Users wishing to carry signals over long distances may wish to consider the possibility of adopting the 75 ohm unbalanced interconnect specified in AES3-ID or SMPTE 276M as an alternative to balanced 110 ohm interfacing. Convertors are available which perform the job very easily. It has been suggested by a number of sources that HF interference such as RF sources is better rejected by the effectiveness of cable screening than by the balance of the electrical interface, and that 75 ohm coax cable has better controlled impedance than audio microphone cable.
A final point to bear in mind is that although transformers are not mandatory in most versions of the two-channel interface standard they may be used to ensure good electrical isolation and earth separation where appropriate. The transformer is standard in the EBU version of the interface, since it was regarded as important in broadcast studio centres where earth continuity is normally avoided between operational areas.

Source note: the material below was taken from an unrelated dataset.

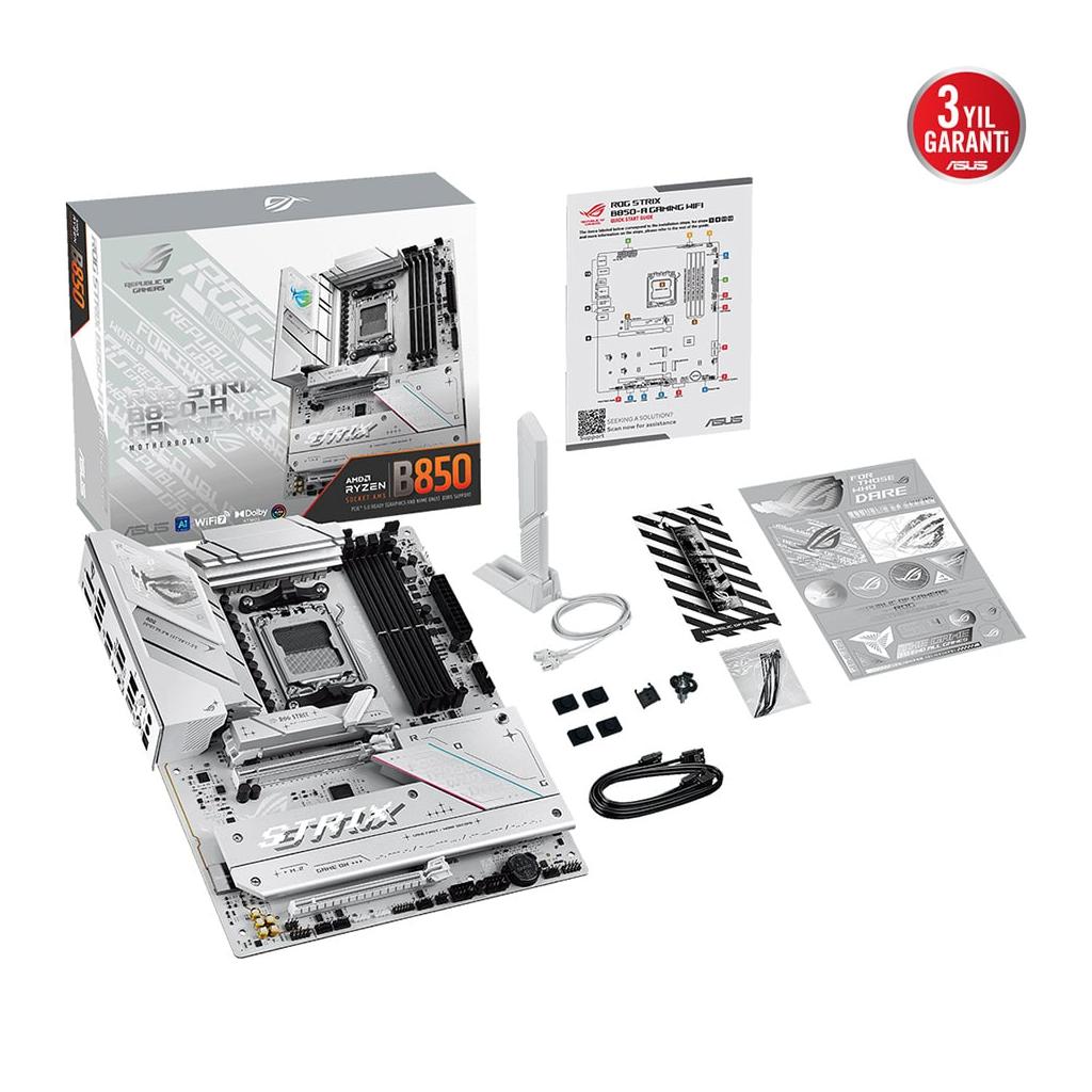 ROG Strix B850-A Gaming WiFi, sağlam 14 aşamalı güç, hiper hızlı DDR5 bellek ve yeni nesil PCIe 5.0® bağlantıları ile sistemlere hız katar. Ürün, soğutma bloklu dört adet M.2 SSD yuvası, USB 20Gbps Type-C® desteği, WiFi 7, ASUS AI Danışman, AI Networking II ve Aura Sync RGB aydınlatma özelliklerine sahip.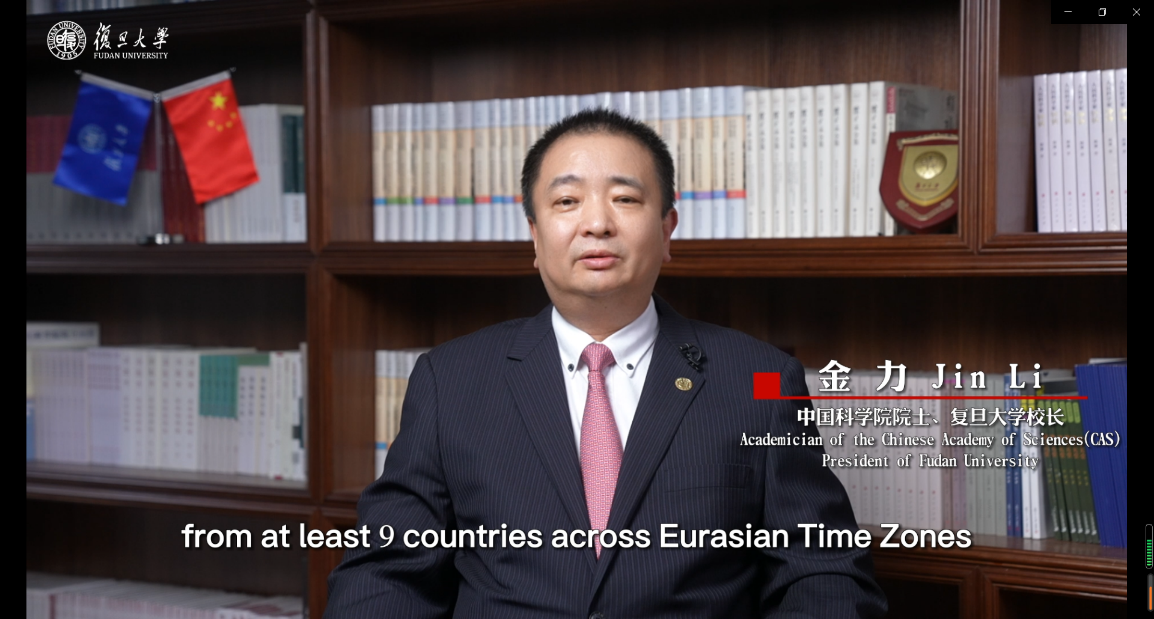 图为复旦大学校长金力致开幕辞

6.7.3 Data Mismatch in Professional Systems
Data mismatch between professional devices using the standard two-channel interface has typically been confined to problems with the implementation of channel status (see section 4.8), but there is also the possibility for differences in sampling rate and audio word length, as discussed below. In more recent systems there are numerous options for higher sampling frequencies, operating the interface in single-channel-double-sampling frequency mode or simply increasing the data rate, which can lead to difficulties in communication. There is also the increased likelihood that interfaces may be operated in the ‘non-audio’ or ‘other purposes’ mode for carrying data-reduced audio signals, as described in Chapter 4. User bit incompatibilities might arise if greater use was made of this channel, but few current professional devices take any notice of the state of the user bit. The validity bit is historically another root of trouble and its handling was discussed in section 4.6. As discussed in section 6.12, a number of manufacturers now produce devices specifically designed to analyse and/or correct for data incompatibilities between pieces of equipment and such ‘fix-it’ boxes can be very useful in encouraging communications between systems.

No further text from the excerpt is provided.